[Stored entries]:
┄┄┄┄┄┄
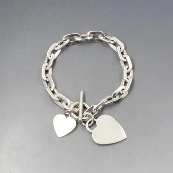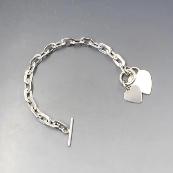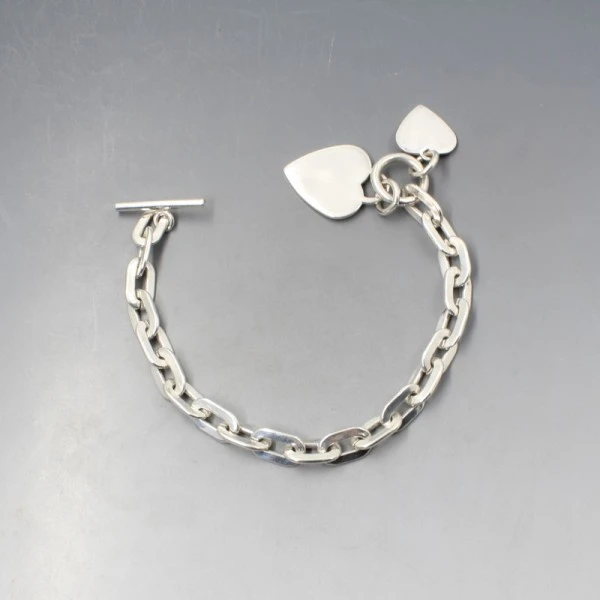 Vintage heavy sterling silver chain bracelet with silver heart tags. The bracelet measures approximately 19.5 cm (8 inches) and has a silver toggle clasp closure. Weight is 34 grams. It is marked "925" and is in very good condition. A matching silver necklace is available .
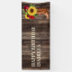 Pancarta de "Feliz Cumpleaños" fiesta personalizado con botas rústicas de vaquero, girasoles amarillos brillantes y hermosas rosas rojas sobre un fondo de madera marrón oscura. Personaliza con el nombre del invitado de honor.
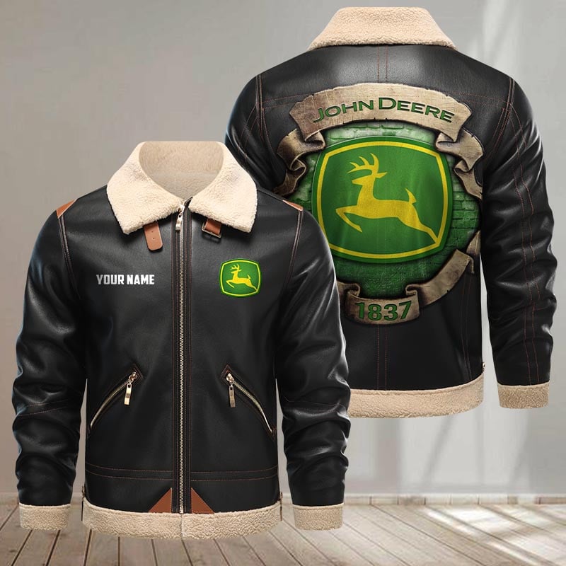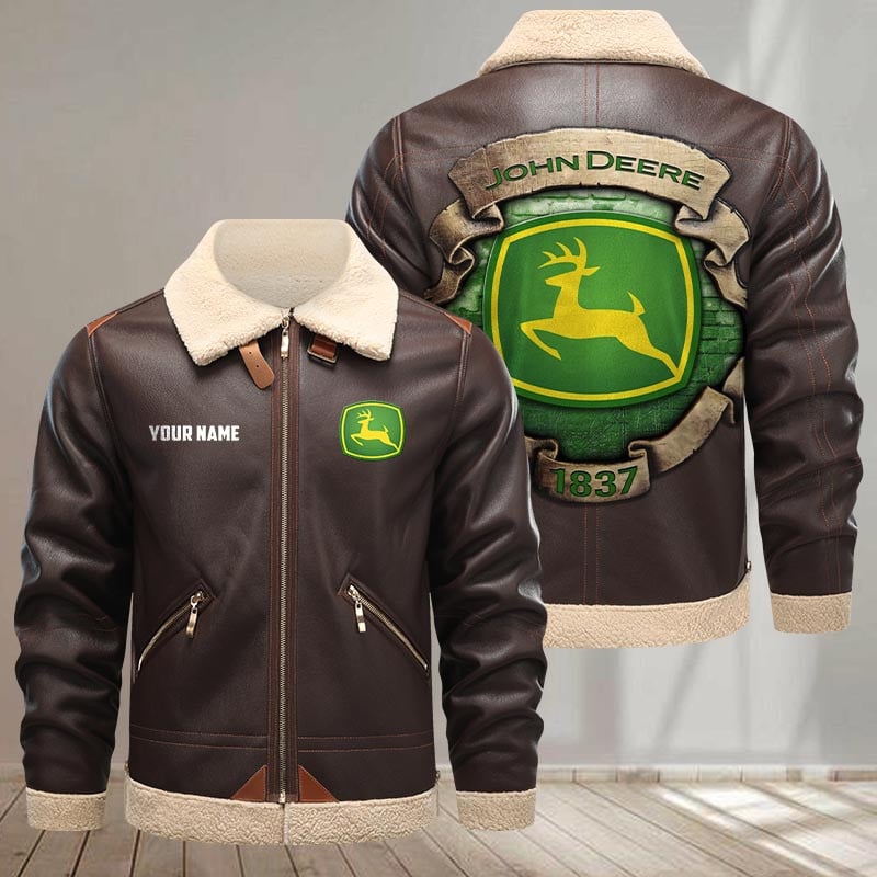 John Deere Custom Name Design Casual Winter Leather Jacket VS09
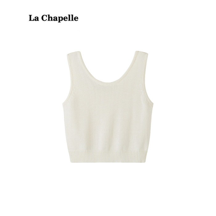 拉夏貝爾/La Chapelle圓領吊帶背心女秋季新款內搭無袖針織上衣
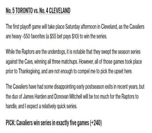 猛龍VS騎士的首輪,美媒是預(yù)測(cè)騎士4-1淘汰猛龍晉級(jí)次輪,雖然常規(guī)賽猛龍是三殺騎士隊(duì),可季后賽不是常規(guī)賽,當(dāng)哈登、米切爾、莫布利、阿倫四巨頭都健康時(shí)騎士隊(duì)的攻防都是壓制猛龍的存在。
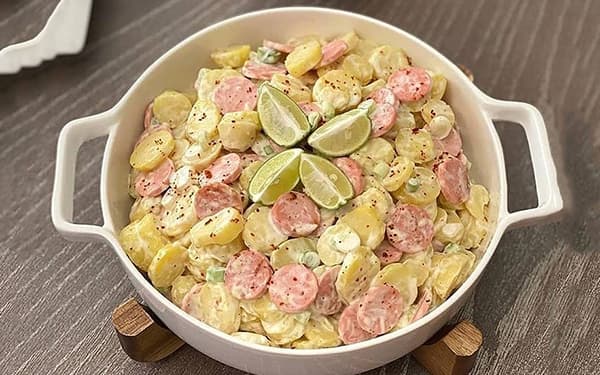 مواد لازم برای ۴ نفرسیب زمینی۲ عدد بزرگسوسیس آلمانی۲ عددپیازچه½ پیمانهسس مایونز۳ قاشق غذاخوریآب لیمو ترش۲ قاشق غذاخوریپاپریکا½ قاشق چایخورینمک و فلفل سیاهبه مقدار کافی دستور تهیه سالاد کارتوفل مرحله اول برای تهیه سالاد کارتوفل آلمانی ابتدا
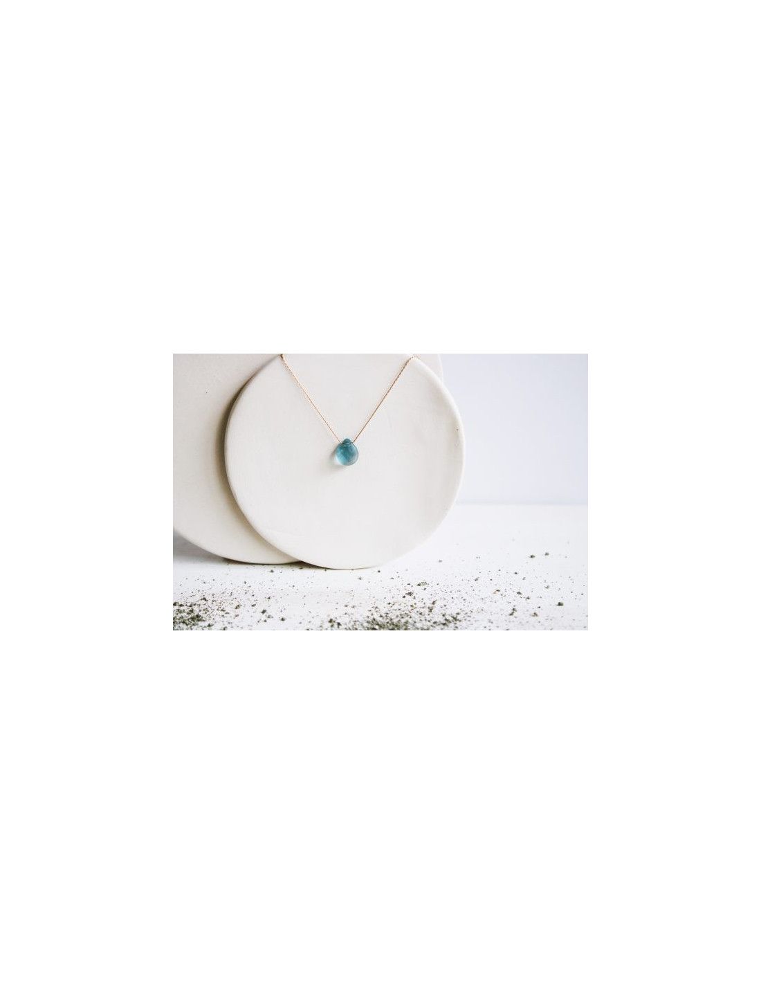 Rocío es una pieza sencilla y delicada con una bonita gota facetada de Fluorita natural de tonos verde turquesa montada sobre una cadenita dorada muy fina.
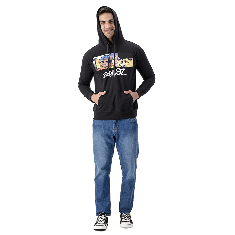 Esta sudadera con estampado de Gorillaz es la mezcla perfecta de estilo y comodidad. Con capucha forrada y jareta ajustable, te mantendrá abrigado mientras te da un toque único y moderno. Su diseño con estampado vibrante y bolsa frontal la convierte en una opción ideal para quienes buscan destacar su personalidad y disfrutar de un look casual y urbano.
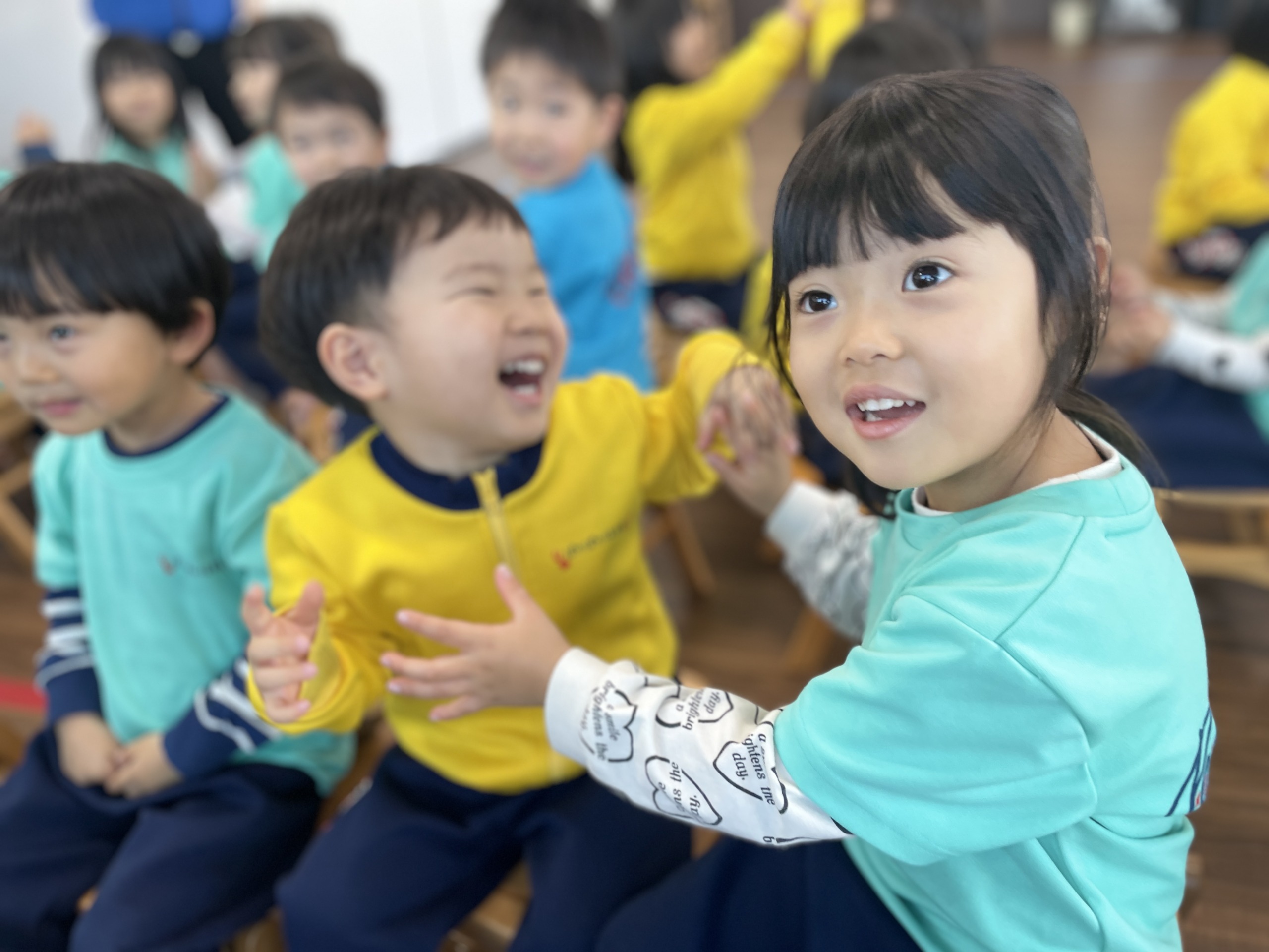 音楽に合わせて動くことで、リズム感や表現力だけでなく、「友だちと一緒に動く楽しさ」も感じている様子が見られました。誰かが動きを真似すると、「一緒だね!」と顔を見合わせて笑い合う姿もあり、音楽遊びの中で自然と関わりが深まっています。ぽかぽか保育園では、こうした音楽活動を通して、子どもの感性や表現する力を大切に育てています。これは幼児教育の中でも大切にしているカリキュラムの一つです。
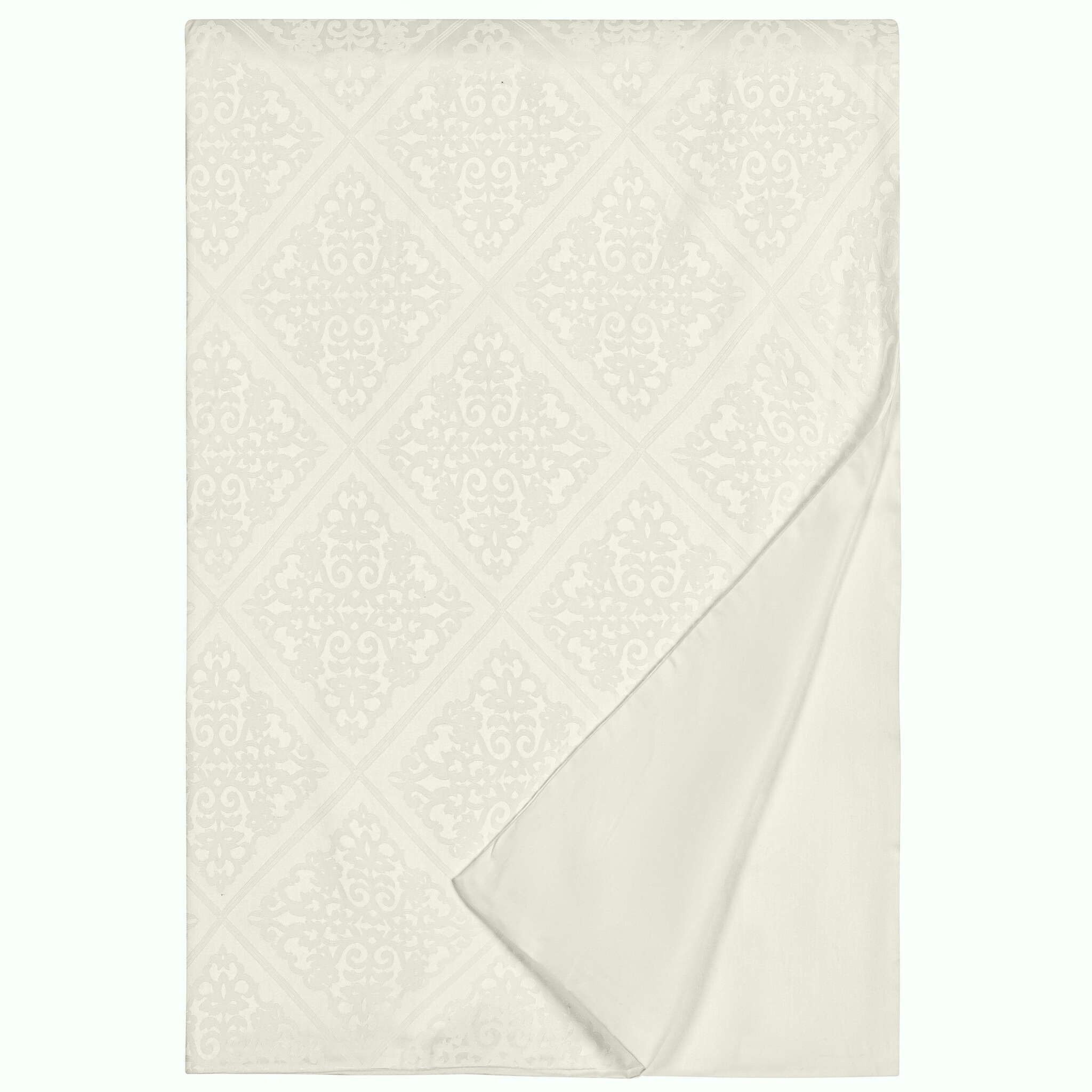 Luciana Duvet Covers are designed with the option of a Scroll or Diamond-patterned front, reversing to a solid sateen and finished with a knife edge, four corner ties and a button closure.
┄┄┄┄┄┄
[YOUR ASSIGNMENT]: Repeat the records above exactly, leaving out any pictures they contain.

[OUTPUT FOR THIS EXERCISE]:
 Vintage heavy sterling silver chain bracelet with silver heart tags. The bracelet measures approximately 19.5 cm (8 inches) and has a silver toggle clasp closure. Weight is 34 grams. It is marked "925" and is in very good condition. A matching silver necklace is available .
 Pancarta de "Feliz Cumpleaños" fiesta personalizado con botas rústicas de vaquero, girasoles amarillos brillantes y hermosas rosas rojas sobre un fondo de madera marrón oscura. Personaliza con el nombre del invitado de honor.
 John Deere Custom Name Design Casual Winter Leather Jacket VS09
 拉夏貝爾/La Chapelle圓領吊帶背心女秋季新款內搭無袖針織上衣
 猛龍VS騎士的首輪,美媒是預(yù)測(cè)騎士4-1淘汰猛龍晉級(jí)次輪,雖然常規(guī)賽猛龍是三殺騎士隊(duì),可季后賽不是常規(guī)賽,當(dāng)哈登、米切爾、莫布利、阿倫四巨頭都健康時(shí)騎士隊(duì)的攻防都是壓制猛龍的存在。
 مواد لازم برای ۴ نفرسیب زمینی۲ عدد بزرگسوسیس آلمانی۲ عددپیازچه½ پیمانهسس مایونز۳ قاشق غذاخوریآب لیمو ترش۲ قاشق غذاخوریپاپریکا½ قاشق چایخورینمک و فلفل سیاهبه مقدار کافی دستور تهیه سالاد کارتوفل مرحله اول برای تهیه سالاد کارتوفل آلمانی ابتدا
 Rocío es una pieza sencilla y delicada con una bonita gota facetada de Fluorita natural de tonos verde turquesa montada sobre una cadenita dorada muy fina.
 Esta sudadera con estampado de Gorillaz es la mezcla perfecta de estilo y comodidad. Con capucha forrada y jareta ajustable, te mantendrá abrigado mientras te da un toque único y moderno. Su diseño con estampado vibrante y bolsa frontal la convierte en una opción ideal para quienes buscan destacar su personalidad y disfrutar de un look casual y urbano.
 音楽に合わせて動くことで、リズム感や表現力だけでなく、「友だちと一緒に動く楽しさ」も感じている様子が見られました。誰かが動きを真似すると、「一緒だね!」と顔を見合わせて笑い合う姿もあり、音楽遊びの中で自然と関わりが深まっています。ぽかぽか保育園では、こうした音楽活動を通して、子どもの感性や表現する力を大切に育てています。これは幼児教育の中でも大切にしているカリキュラムの一つです。
 Luciana Duvet Covers are designed with the option of a Scroll or Diamond-patterned front, reversing to a solid sateen and finished with a knife edge, four corner ties and a button closure.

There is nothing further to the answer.